Мастер теней

22
18
20
22
24
26
28
30

– Да, – подтвердила Инна.

– Знаменитая?

– Быть знаменитым некрасиво. Среди друзей-поэтов – да, известная. Но поэзия сейчас – это не модно, нас мало кто читает.

– А прочти мне какое-нибудь свое стихотворение, я еще никогда живого поэта не видела, – попросила Людочка Инну.

– Да запросто. Вот, например, из последнего, – произнесла Инна холодно, с таким недовольным видом, будто ее попросили сделать гадость, но отказать она не может:

– Хуйня, ты хуйня,

полная хуйня,

охуительная.

– Всё? – удивилась Людочка.

– Всё. А что ты хотела, письмо Татьяны Лариной из «Евгения Онегина»? Так этого добра навалом в учебниках для детей и в книжках для взрослых, которые так и не научились жить своим умом. А я пишу для продвинутых в литературе, кто устал от русского языка.

– Но ты же пишешь по-русски? – снова удивилась Людочка.
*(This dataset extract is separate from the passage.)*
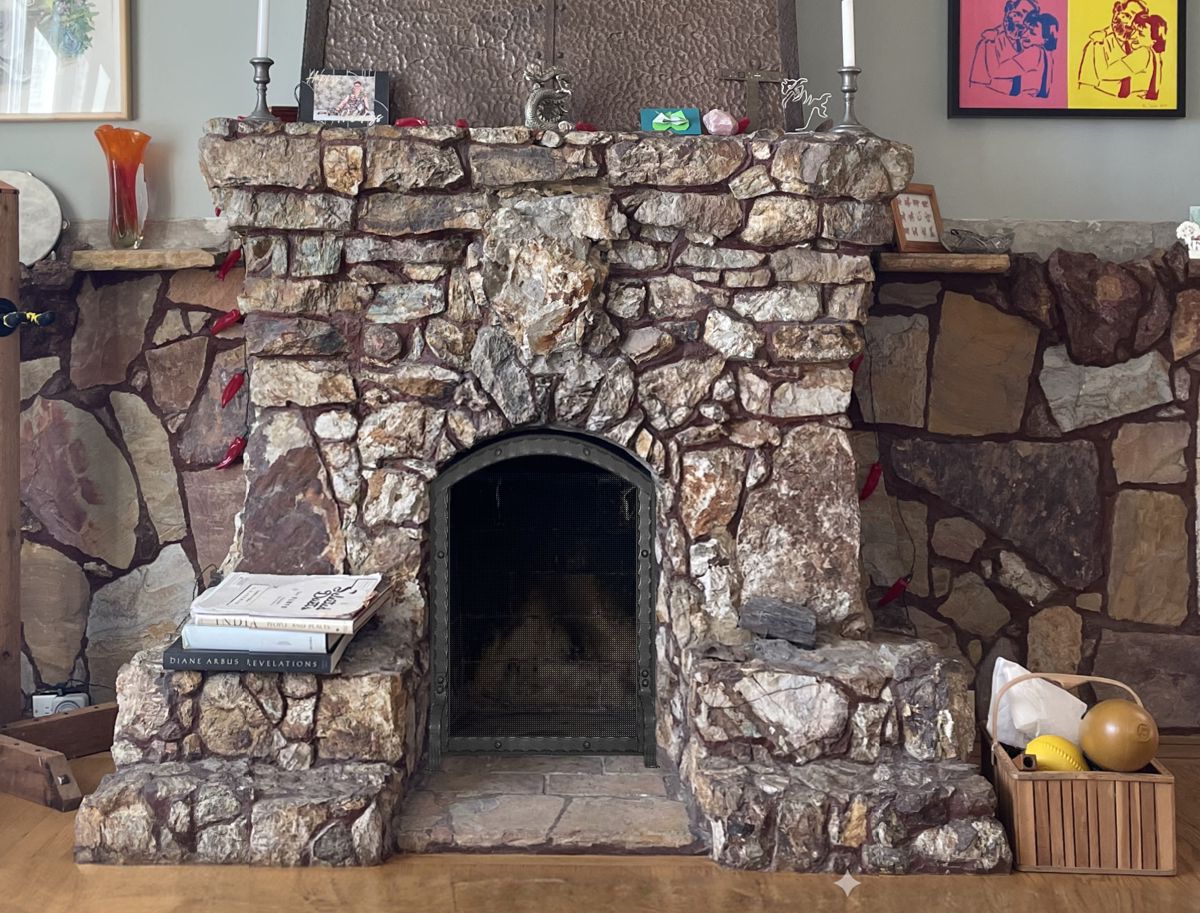 Our Comments: Due to the irregularity of the stones and the two seats next to the opening, the screen must be made to fit inside the fireplace opening.
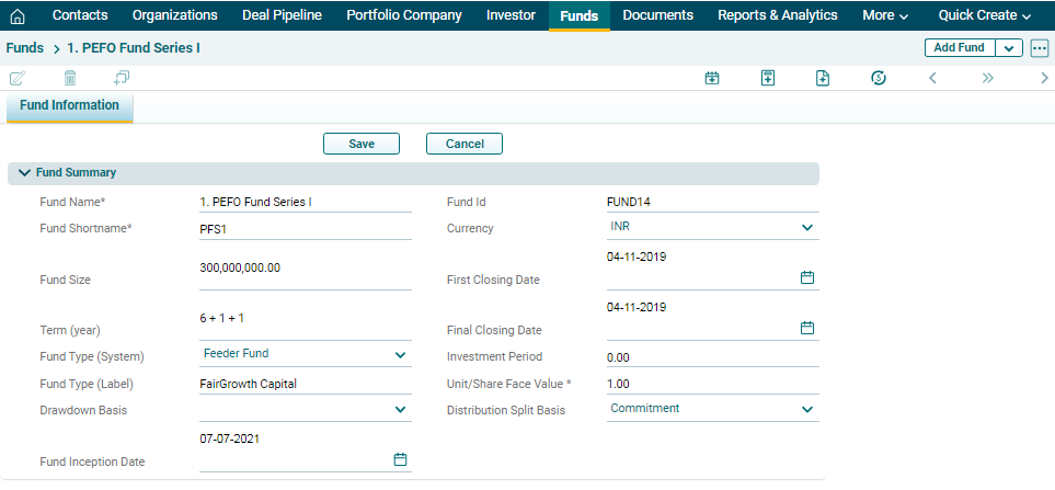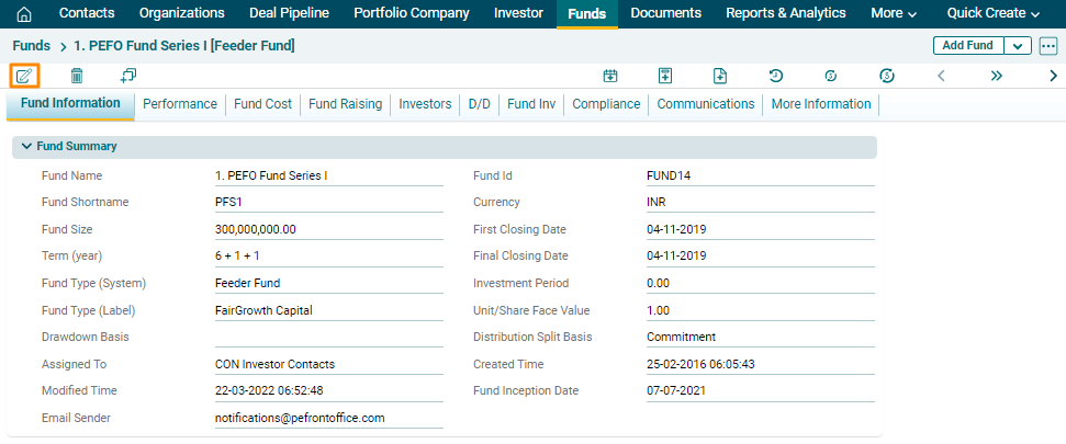 To edit a Fund in Record View, follow the below

– Ты понимаешь, нам, поэтам, всегда тесно в рамках того языка, на котором мы говорим и пишем. Мешает неоднозначность языка. Поэтому я усиленно работаю над изменением смысла слов, чтобы освободиться от уз языка и заново оценить слова, которые использую. Например, «хуйня» для меня здесь не просто неодушевленное существительное женского рода, а обозначение любой вещи и ситуации, которая может случиться. Понимаешь?

– Не очень, – честно призналась Людочка. – По мне, так это просто набор матерных слов, непристойность какая-то.

– Господи, что ж ты такая недалекая! Ты разницу между словами «хуйня» и «поебень» понимаешь?

– Поебень – это когда чем-то маешься, – ответила Людочка.

– Вот видишь? А «хуйня» – это реально другое, нечто плохое. Это слово происходит от индоевропейского «кхшой», что значит «шип, колючка, иголка». Чувствуешь, какая глубина у этого понятия, а?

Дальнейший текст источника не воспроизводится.